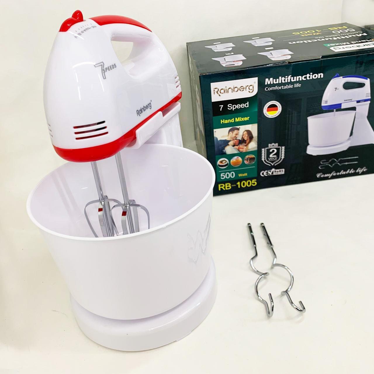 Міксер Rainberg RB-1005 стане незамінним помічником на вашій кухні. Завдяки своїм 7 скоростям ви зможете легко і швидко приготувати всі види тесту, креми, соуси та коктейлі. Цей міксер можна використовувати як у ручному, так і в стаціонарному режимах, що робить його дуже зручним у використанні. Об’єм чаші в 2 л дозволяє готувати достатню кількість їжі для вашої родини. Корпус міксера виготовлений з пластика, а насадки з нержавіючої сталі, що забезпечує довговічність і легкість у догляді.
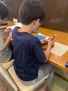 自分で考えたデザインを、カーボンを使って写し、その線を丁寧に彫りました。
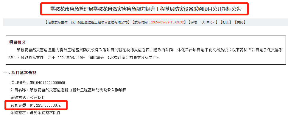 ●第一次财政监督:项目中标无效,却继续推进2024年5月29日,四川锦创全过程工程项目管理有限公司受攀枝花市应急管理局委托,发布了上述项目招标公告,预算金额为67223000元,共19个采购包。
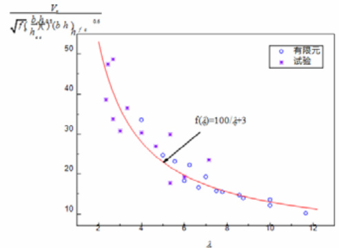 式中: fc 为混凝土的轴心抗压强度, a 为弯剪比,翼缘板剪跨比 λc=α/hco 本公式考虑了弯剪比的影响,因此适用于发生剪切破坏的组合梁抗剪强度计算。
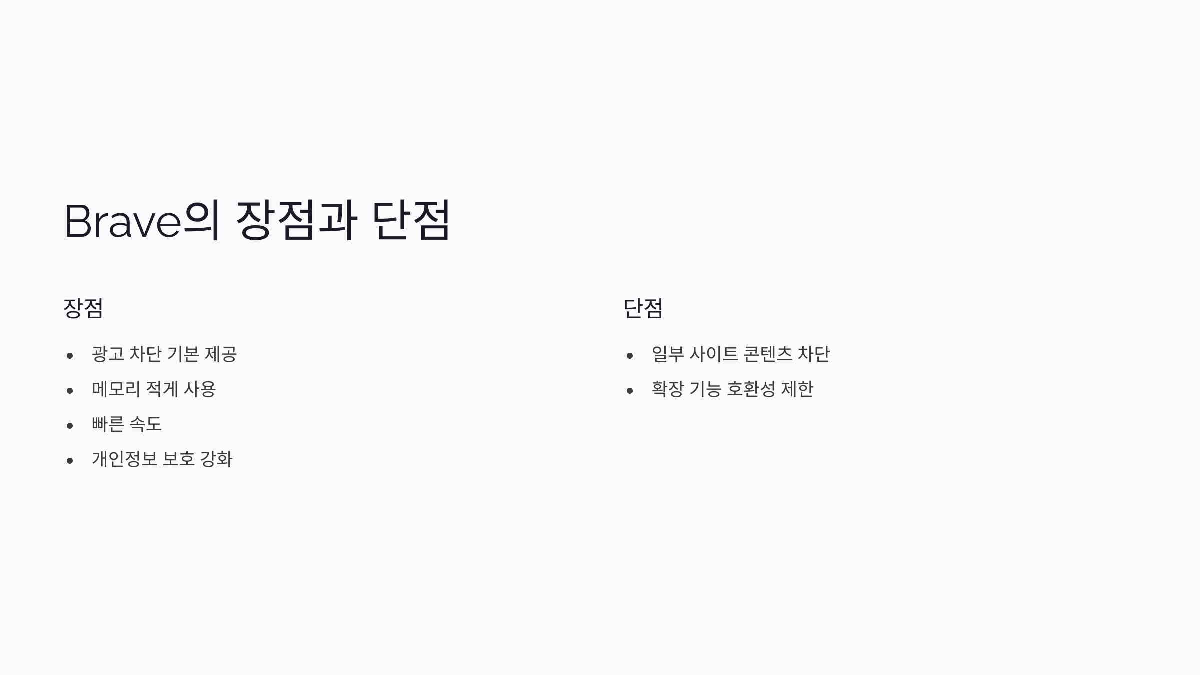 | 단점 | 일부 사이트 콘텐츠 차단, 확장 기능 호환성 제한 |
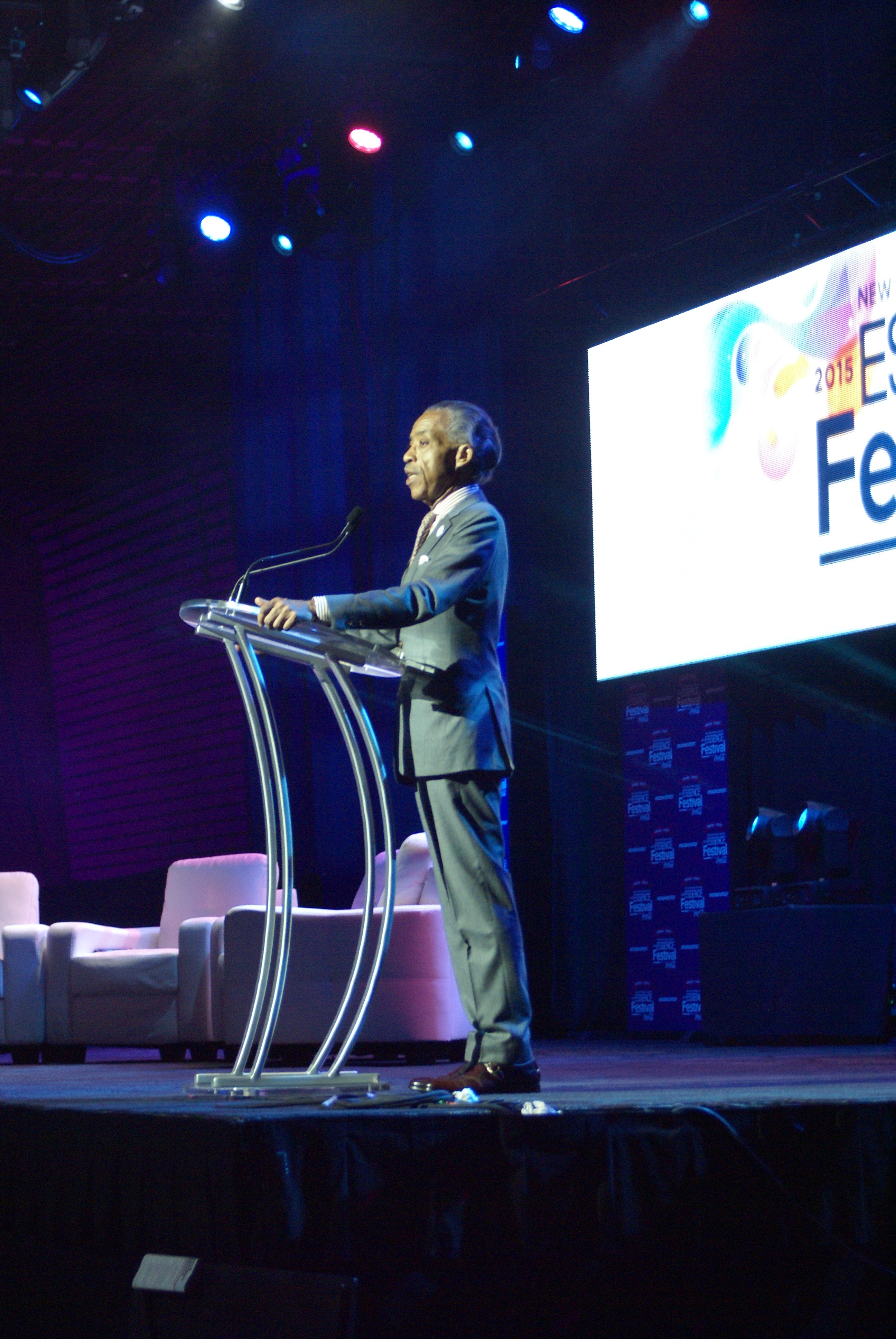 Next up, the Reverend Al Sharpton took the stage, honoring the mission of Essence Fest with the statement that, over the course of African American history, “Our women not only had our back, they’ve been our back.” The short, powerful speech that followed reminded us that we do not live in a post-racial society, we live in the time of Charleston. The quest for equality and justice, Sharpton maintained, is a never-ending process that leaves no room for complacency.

▸ Task brief
Copy the entries above exactly from the line with "自分で考えたデザインを、カーボンを使って写し、その線を丁寧に彫りました。" down to their last line, both ends included. Do not copy any pictures.

▸ Solution
 自分で考えたデザインを、カーボンを使って写し、その線を丁寧に彫りました。
 ●第一次财政监督:项目中标无效,却继续推进2024年5月29日,四川锦创全过程工程项目管理有限公司受攀枝花市应急管理局委托,发布了上述项目招标公告,预算金额为67223000元,共19个采购包。
 式中: fc 为混凝土的轴心抗压强度, a 为弯剪比,翼缘板剪跨比 λc=α/hco 本公式考虑了弯剪比的影响,因此适用于发生剪切破坏的组合梁抗剪强度计算。
 | 단점 | 일부 사이트 콘텐츠 차단, 확장 기능 호환성 제한 |
 Next up, the Reverend Al Sharpton took the stage, honoring the mission of Essence Fest with the statement that, over the course of African American history, “Our women not only had our back, they’ve been our back.” The short, powerful speech that followed reminded us that we do not live in a post-racial society, we live in the time of Charleston. The quest for equality and justice, Sharpton maintained, is a never-ending process that leaves no room for complacency.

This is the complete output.